Two of Langhorne's works in particular were singled out later for praise. The "Fables of Flora" (1771) have the novel approach of using interactions between plants to deliver moral lessons, although there are rare precedents in Aesop's Fables, of which the best-known example is "The Oak and the Reed". Langhorne's floral debates, however, are related at greater length with overwrought and often ludicrous imagery:
Where prostrate vales, and blushing meads,
And bending mountains own his sway,
While Persia's lord his empire leads
And bids the trembling world obey,
While blood bedews the straining bow,
And conquest rends the scatter'd air.

Turning to The Country Justice, Robert Chambers accounts it to be "the only poem of Langhorne's which has a cast of originality…He seems to have anticipated George Crabbe in painting the rural life of England in true colours." William Wordsworth also praised the poem enthusiastically for the way it "brought the Muse into the company of common life".
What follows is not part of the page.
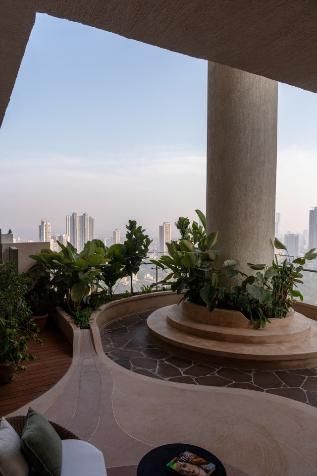 Situated in the heart of the bustling city centre of Mumbai, this high-floor duplex coastal apartment caters to a young family. It blends contemporary elegance with the whimsy of daily life and travel, akin to their renowned fashion label. The residence on the 45th floor overlooking the sea, provides the setting for the entire abode to be inspired by the beach. With overall simplicity and elegance of material and colour palette representing the sand, the use of handpicked quirky pieces of furniture in the house is like finding rare treasures.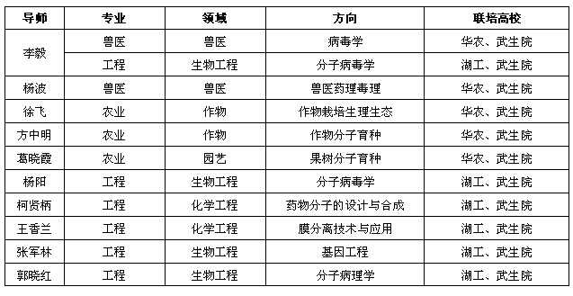 据晨光新闻网讯(通讯员 李向慧)经省人民政府学位委员会批准,2014年年底,我校与华中农业大学、湖北工业大学等两所高校签署了《联合培养专业硕士学位研究生(以下简称“联培研究生”)协议》,正式启动联培研究生工作。经招生单位遴选和审定,我校共有10名优秀教师获批成为硕士生导师。截至目前,2015年联培研究生招生工作已圆满结束。其中,招收与华中农业大学联培研究生4名,涉及的专业为兽医、农业(含作物和园艺两个领域)两个专业;招收与湖北工业大学联培研究生3名,涉及的专业为工程(含生物工程和化学工程两个领域)专业。

Wordsworth might well be impressed, since that agenda was his own. Another critic, however, sees Langhorne as anticipating something of Wordsworth's nature mysticism too, as it is foreshadowed in his "Lines written a few miles above Tintern Abbey". In the same spirit, Langhorne's "Inscription on the door of a study" exhorts the reader to go out of doors instead and seek what can be learned "in yonder grove":
If Religion claims thy care,
Religion, fled from books, is there.
For first from Nature's works we drew
Our knowledge and our virtue too.
It is in performances like these that we find the value of the transitional poets of the second half of the 18th century as they abandon Augustan models for their own resources.